What is expected ▸ Look through the records below for the line holding "4. Uchazeči o". Write it out exactly, with each following line through the line holding "Discover the perfect".

Extracted material ▸
● ● ● ● ●

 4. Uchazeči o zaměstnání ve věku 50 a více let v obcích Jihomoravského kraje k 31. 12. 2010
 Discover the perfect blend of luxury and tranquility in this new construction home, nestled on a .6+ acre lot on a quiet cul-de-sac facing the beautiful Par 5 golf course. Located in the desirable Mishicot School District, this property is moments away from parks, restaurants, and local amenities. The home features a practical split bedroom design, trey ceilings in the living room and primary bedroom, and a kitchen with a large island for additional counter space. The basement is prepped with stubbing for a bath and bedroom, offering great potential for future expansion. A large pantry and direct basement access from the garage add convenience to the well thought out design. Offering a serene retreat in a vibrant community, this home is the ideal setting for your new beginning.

● ● ● ● ●

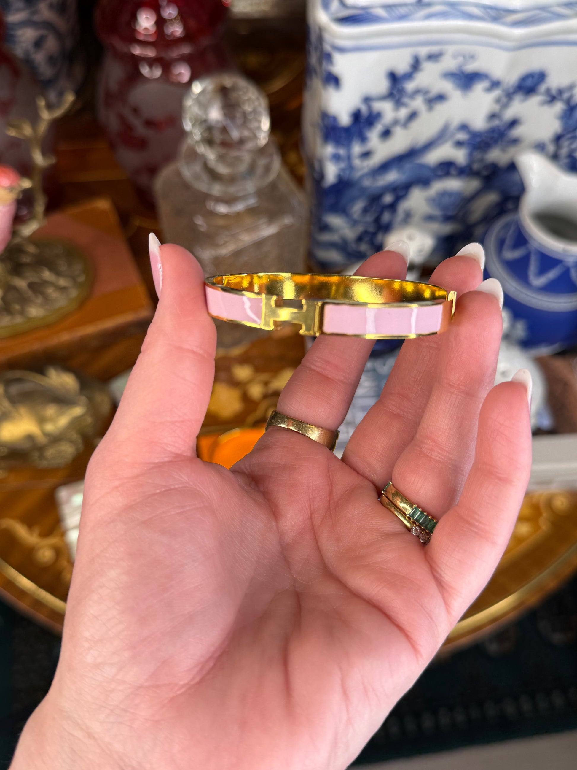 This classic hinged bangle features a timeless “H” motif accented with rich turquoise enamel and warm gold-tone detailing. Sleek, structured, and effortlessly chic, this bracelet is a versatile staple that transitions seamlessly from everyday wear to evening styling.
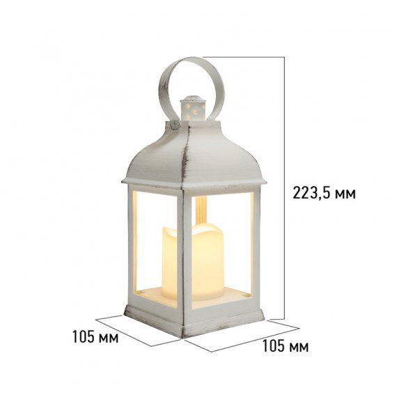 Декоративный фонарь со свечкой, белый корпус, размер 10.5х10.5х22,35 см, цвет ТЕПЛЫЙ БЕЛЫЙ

● ● ● ● ●

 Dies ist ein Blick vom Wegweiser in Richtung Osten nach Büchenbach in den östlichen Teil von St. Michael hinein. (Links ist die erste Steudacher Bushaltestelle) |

● ● ● ● ●

Answer to this task ▸
 4. Uchazeči o zaměstnání ve věku 50 a více let v obcích Jihomoravského kraje k 31. 12. 2010
 Discover the perfect blend of luxury and tranquility in this new construction home, nestled on a .6+ acre lot on a quiet cul-de-sac facing the beautiful Par 5 golf course. Located in the desirable Mishicot School District, this property is moments away from parks, restaurants, and local amenities. The home features a practical split bedroom design, trey ceilings in the living room and primary bedroom, and a kitchen with a large island for additional counter space. The basement is prepped with stubbing for a bath and bedroom, offering great potential for future expansion. A large pantry and direct basement access from the garage add convenience to the well thought out design. Offering a serene retreat in a vibrant community, this home is the ideal setting for your new beginning.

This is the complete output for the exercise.